Brief
Pictures are to be left out; every line from the one with "I'm fascinated that" through the end of the data must be transcribed exactly.

Content starts

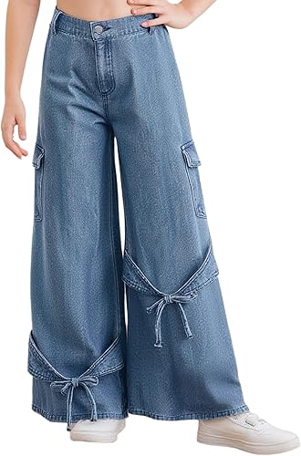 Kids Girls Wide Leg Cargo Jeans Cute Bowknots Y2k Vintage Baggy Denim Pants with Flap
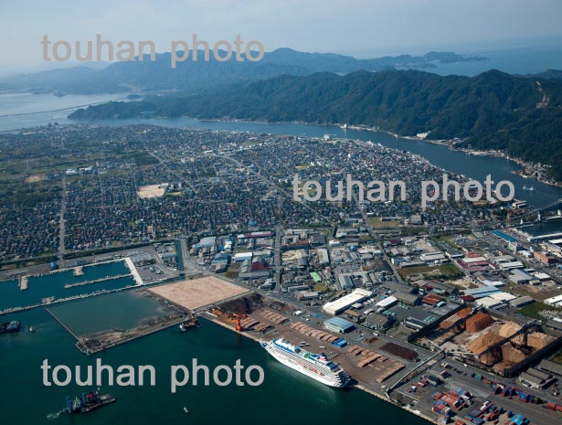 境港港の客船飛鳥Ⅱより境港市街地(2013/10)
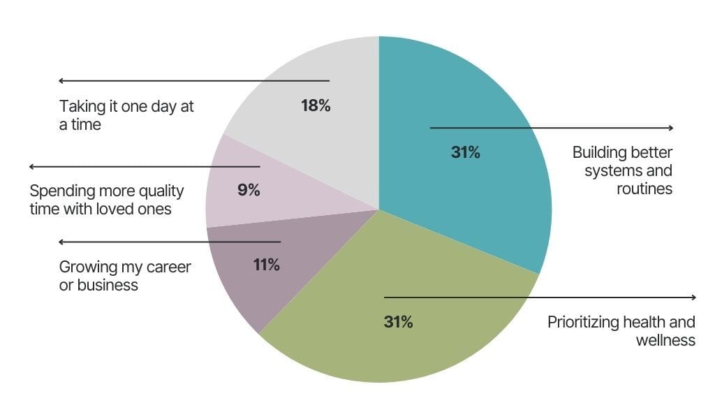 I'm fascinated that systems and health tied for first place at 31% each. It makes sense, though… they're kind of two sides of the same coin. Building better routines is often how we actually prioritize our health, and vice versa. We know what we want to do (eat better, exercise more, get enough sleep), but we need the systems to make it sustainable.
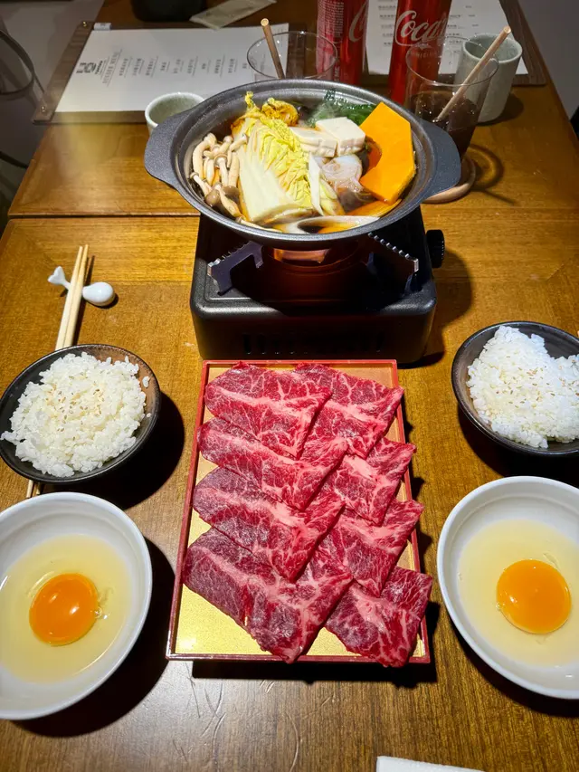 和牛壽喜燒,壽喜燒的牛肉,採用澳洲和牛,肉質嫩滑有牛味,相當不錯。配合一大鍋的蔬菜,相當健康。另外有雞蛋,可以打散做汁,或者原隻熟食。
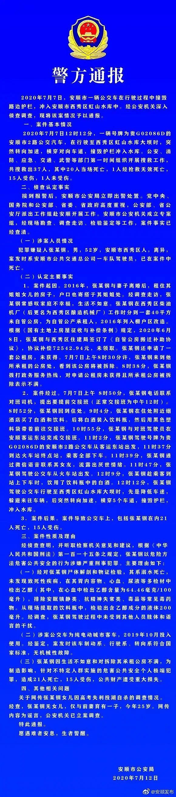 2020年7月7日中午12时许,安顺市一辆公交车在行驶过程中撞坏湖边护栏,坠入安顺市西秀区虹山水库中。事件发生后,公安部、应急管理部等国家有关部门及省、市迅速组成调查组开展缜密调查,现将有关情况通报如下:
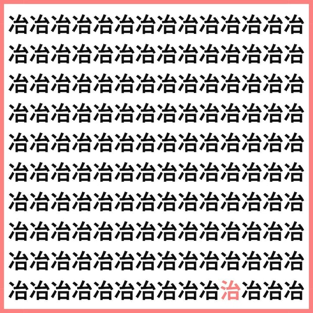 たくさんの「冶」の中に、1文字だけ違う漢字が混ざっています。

Content ends

Problem solution
 I'm fascinated that systems and health tied for first place at 31% each. It makes sense, though… they're kind of two sides of the same coin. Building better routines is often how we actually prioritize our health, and vice versa. We know what we want to do (eat better, exercise more, get enough sleep), but we need the systems to make it sustainable.
 和牛壽喜燒,壽喜燒的牛肉,採用澳洲和牛,肉質嫩滑有牛味,相當不錯。配合一大鍋的蔬菜,相當健康。另外有雞蛋,可以打散做汁,或者原隻熟食。
 2020年7月7日中午12时许,安顺市一辆公交车在行驶过程中撞坏湖边护栏,坠入安顺市西秀区虹山水库中。事件发生后,公安部、应急管理部等国家有关部门及省、市迅速组成调查组开展缜密调查,现将有关情况通报如下:
 たくさんの「冶」の中に、1文字だけ違う漢字が混ざっています。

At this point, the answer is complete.